▶ **Work task**
Could you copy the records below exactly, leaving out any pictures?

***

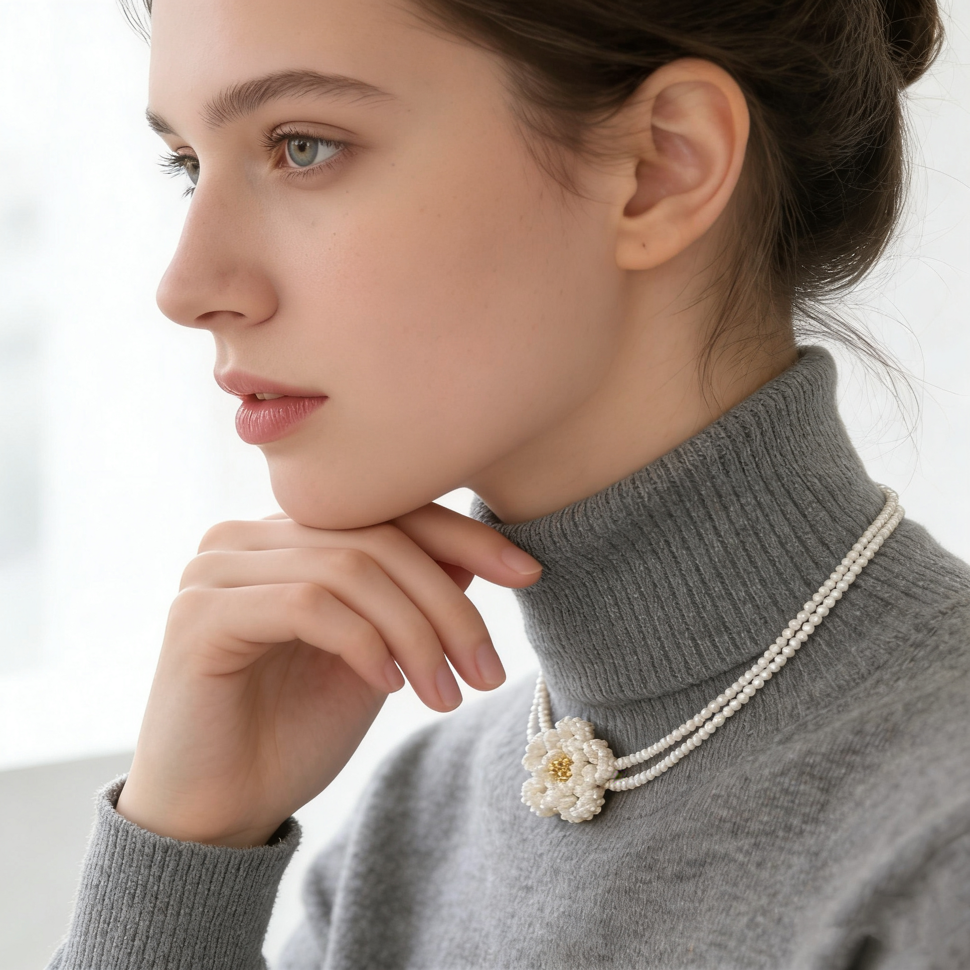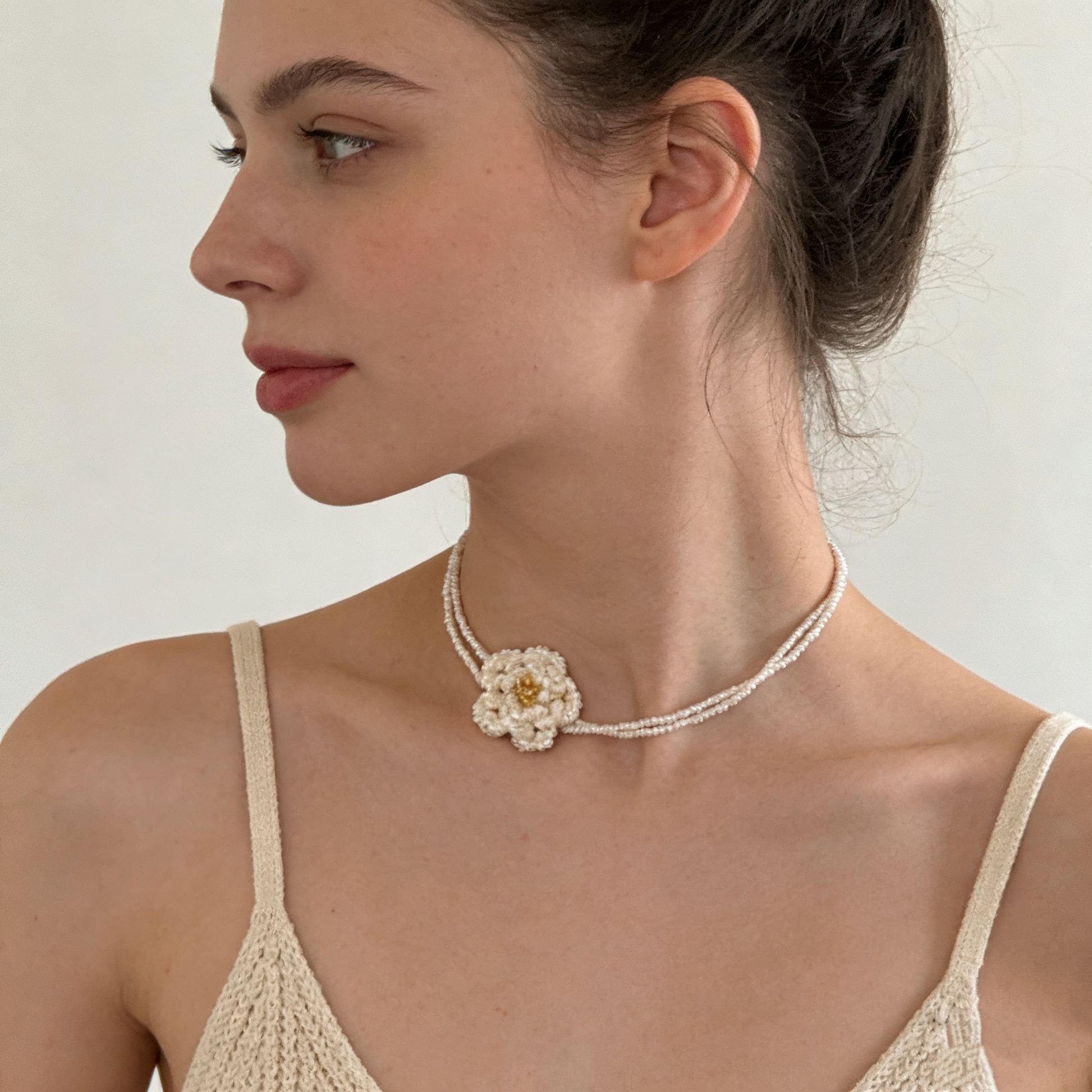 This hand-beaded floral necklace features a delicate flower centerpiece crafted from tiny pearl-style beads, creating agentle, romantic silhouette with subtle texture. The layered bead strands add lightness and movement while remaining comfortable on the skin.
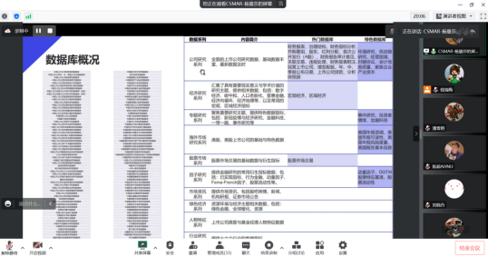 为了提高教学和科研质量,增强研究能力,12月7日下午,公司邀请深圳希施玛数据科技有限公司的技术工程师杨阳老师为公司师生举行了“CSMAR数据库&证券投资实训系统的操作与应用”专题讲座。本次讲座采取腾讯会议形式,讲座由金融系主任陈超老师主持,公司老师、部分研究生和本科生在线收看。
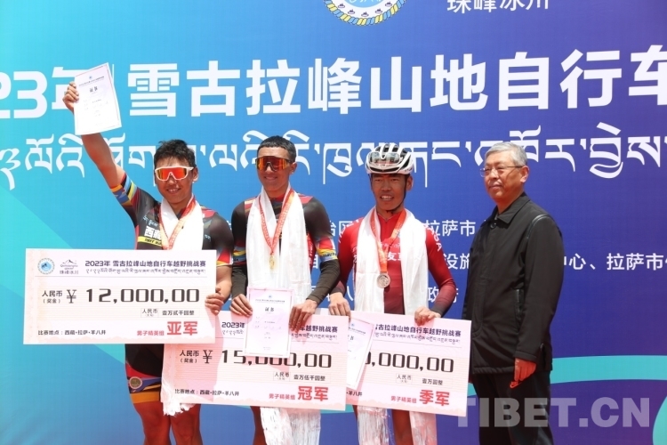 圖為獲得男子精英組冠軍西藏亞車隊選手江村羅布、亞軍西藏亞車隊扎頓、季軍拉薩朋友車隊選手索朗 攝影:德吉卓瑪
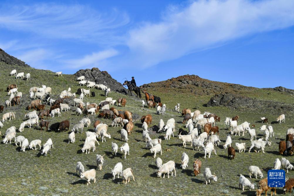 哈布得拉什么赶着羊群在转场牧道上行进(7月3日摄)。
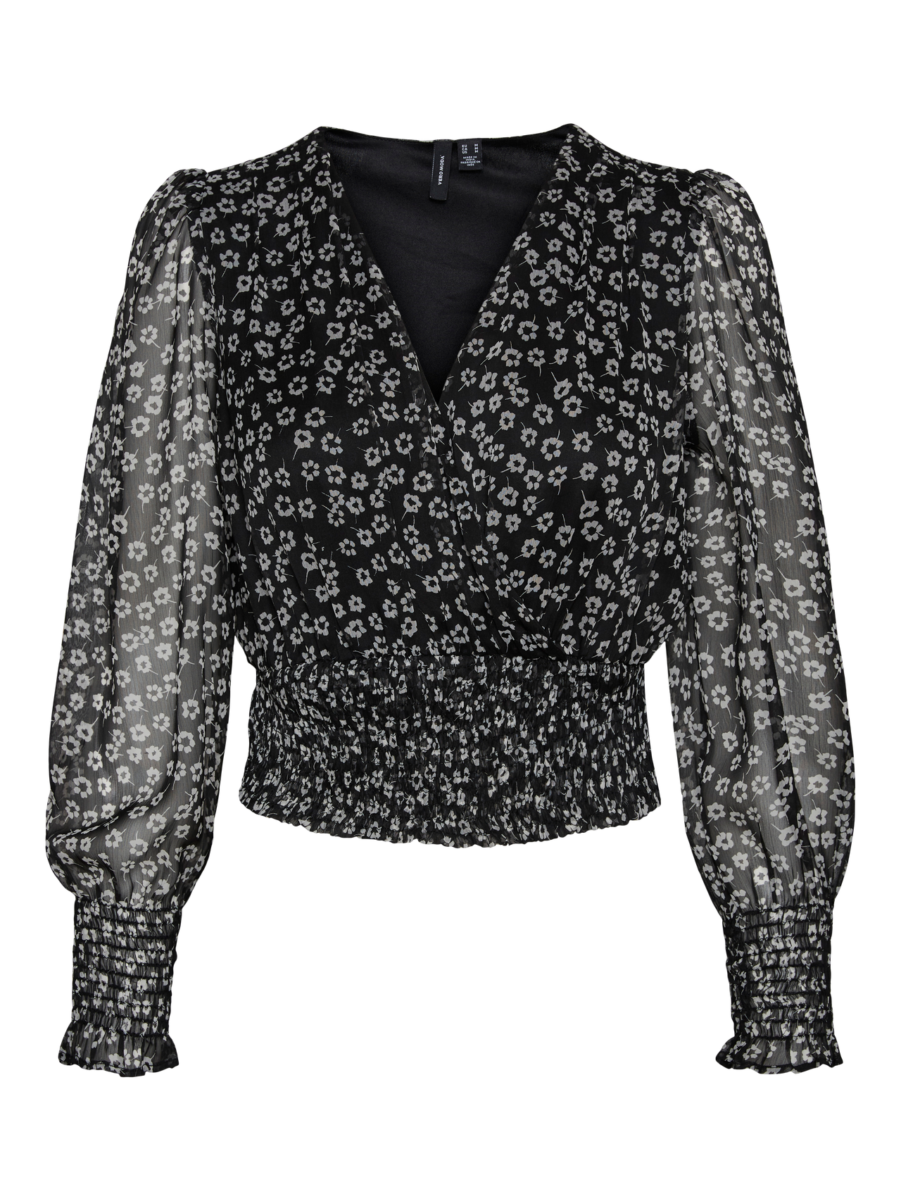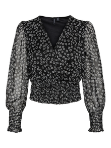 LDS WOVEN L/S CROPPED TOP WITH FAKE WRAP AND SMOCK AT BOTTOM EDGE.

***

▶ **Final answer**
 This hand-beaded floral necklace features a delicate flower centerpiece crafted from tiny pearl-style beads, creating agentle, romantic silhouette with subtle texture. The layered bead strands add lightness and movement while remaining comfortable on the skin.
 为了提高教学和科研质量,增强研究能力,12月7日下午,公司邀请深圳希施玛数据科技有限公司的技术工程师杨阳老师为公司师生举行了“CSMAR数据库&证券投资实训系统的操作与应用”专题讲座。本次讲座采取腾讯会议形式,讲座由金融系主任陈超老师主持,公司老师、部分研究生和本科生在线收看。
 圖為獲得男子精英組冠軍西藏亞車隊選手江村羅布、亞軍西藏亞車隊扎頓、季軍拉薩朋友車隊選手索朗 攝影:德吉卓瑪
 哈布得拉什么赶着羊群在转场牧道上行进(7月3日摄)。
 LDS WOVEN L/S CROPPED TOP WITH FAKE WRAP AND SMOCK AT BOTTOM EDGE.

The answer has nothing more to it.